Upon removing the url option from the above string I am getting the following exception,

scala> val presto_df = sqlContext.read.format("jdbc").option("uri", "jdbc:presto://presto-prd.url.com:8443/hive/xyz").option("dbtable","testTable").option("driver","com.facebook.presto.jdbc.PrestoDriver").load()
 java.lang.RuntimeException: Option 'url' not specified
at scala.sys.package$.error(package.scala:27)
at org.apache.spark.sql.execution.datasources.jdbc.DefaultSource$$anonfun$1.apply(DefaultSource.scala:33)
at org.apache.spark.sql.execution.datasources.jdbc.DefaultSource$$anonfun$1.apply(DefaultSource.scala:33)
at scala.collection.MapLike$class.getOrElse(MapLike.scala:128)
at org.apache.spark.sql.execution.datasources.CaseInsensitiveMap.getOrElse(ddl.scala:150)
at org.apache.spark.sql.execution.datasources.jdbc.DefaultSource.createRelation(DefaultSource.scala:33)
at org.apache.spark.sql.execution.datasources.ResolvedDataSource$.apply(ResolvedDataSource.scala:158)
at org.apache.spark.sql.DataFrameReader.load(DataFrameReader.scala:119)
at $iwC$$iwC$$iwC$$iwC$$iwC$$iwC$$iwC$$iwC.<init>(<console>:25)

Would be helpful if someone can help here!

Thanks!
VM
Reply | Threaded
Open this post in threaded view
|

Re: Connection to Presto via Spark

Gourav Sengupta
Terribly fascinating.
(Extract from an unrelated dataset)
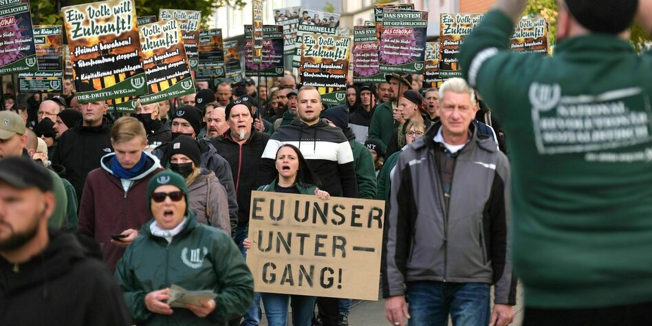 (IMG) Bild: Was die Anhänger der Kleinpartei Dritter Weg von der EU halten, zeigen sie deutlich: Demonstration im Oktober 2022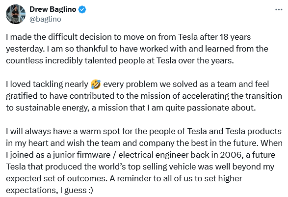 值得一提的是,在內部信發佈後,包括核心高管、動力總成及能源工程高級副總裁德魯·巴格利諾在內的一些資深員工也宣告離職。巴格利諾在特斯拉效力長達18年,曾與馬斯克一樣,是特斯拉投資者關係官網上列出的領導團隊的四名成員之一。他也是馬斯克的核心副手,經常陪馬斯克出席日常的財報電話會議,以及幾乎每一場重要發佈會。

Any insights into why are we not trying to use spark itself?
Regards 
Gourav 

On Wed, 13 Jan 2021, 12:46 Vineet Mishra, <[hidden email]> wrote:
Hi,

I am trying to connect to Presto via Spark shell using the following connection string, however ending up with exception

-bash-4.2$ spark-shell  --driver-class-path com.facebook.presto.jdbc.PrestoDriver  --jars presto-jdbc-0.221.jar

scala> val presto_df = sqlContext.read.format("jdbc").option("url", "jdbc:presto://presto-prd.url.com:8443/hive/xyz").option("dbtable","testTable").option("driver","com.facebook.presto.jdbc.PrestoDriver").load()
java.sql.SQLException: Unrecognized connection property 'url'
at com.facebook.presto.jdbc.PrestoDriverUri.validateConnectionProperties(PrestoDriverUri.java:316)
at com.facebook.presto.jdbc.PrestoDriverUri.<init>(PrestoDriverUri.java:95)
at com.facebook.presto.jdbc.PrestoDriverUri.<init>(PrestoDriverUri.java:85)
at com.facebook.presto.jdbc.PrestoDriver.connect(PrestoDriver.java:87)
at org.apache.spark.sql.execution.datasources.jdbc.DriverWrapper.connect(DriverWrapper.scala:45)
at org.apache.spark.sql.execution.datasources.jdbc.JdbcUtils$$anonfun$createConnectionFactory$2.apply(JdbcUtils.scala:61)
at org.apache.spark.sql.execution.datasources.jdbc.JdbcUtils$$anonfun$createConnectionFactory$2.apply(JdbcUtils.scala:52)
at org.apache.spark.sql.execution.datasources.jdbc.JDBCRDD$.resolveTable(JDBCRDD.scala:120)
at org.apache.spark.sql.execution.datasources.jdbc.JDBCRelation.<init>(JDBCRelation.scala:91)
at org.apache.spark.sql.execution.datasources.jdbc.DefaultSource.createRelation(DefaultSource.scala:57)
at org.apache.spark.sql.execution.datasources.ResolvedDataSource$.apply(ResolvedDataSource.scala:158)
at org.apache.spark.sql.DataFrameReader.load(DataFrameReader.scala:119)

Upon removing the url option from the above string I am getting the following exception,

scala> val presto_df = sqlContext.read.format("jdbc").option("uri", "jdbc:presto://presto-prd.url.com:8443/hive/xyz").option("dbtable","testTable").option("driver","com.facebook.presto.jdbc.PrestoDriver").load()
 java.lang.RuntimeException: Option 'url' not specified
at scala.sys.package$.error(package.scala:27)
at org.apache.spark.sql.execution.datasources.jdbc.DefaultSource$$anonfun$1.apply(DefaultSource.scala:33)
at org.apache.spark.sql.execution.datasources.jdbc.DefaultSource$$anonfun$1.apply(DefaultSource.scala:33)
at scala.collection.MapLike$class.getOrElse(MapLike.scala:128)
at org.apache.spark.sql.execution.datasources.CaseInsensitiveMap.getOrElse(ddl.scala:150)
at org.apache.spark.sql.execution.datasources.jdbc.DefaultSource.createRelation(DefaultSource.scala:33)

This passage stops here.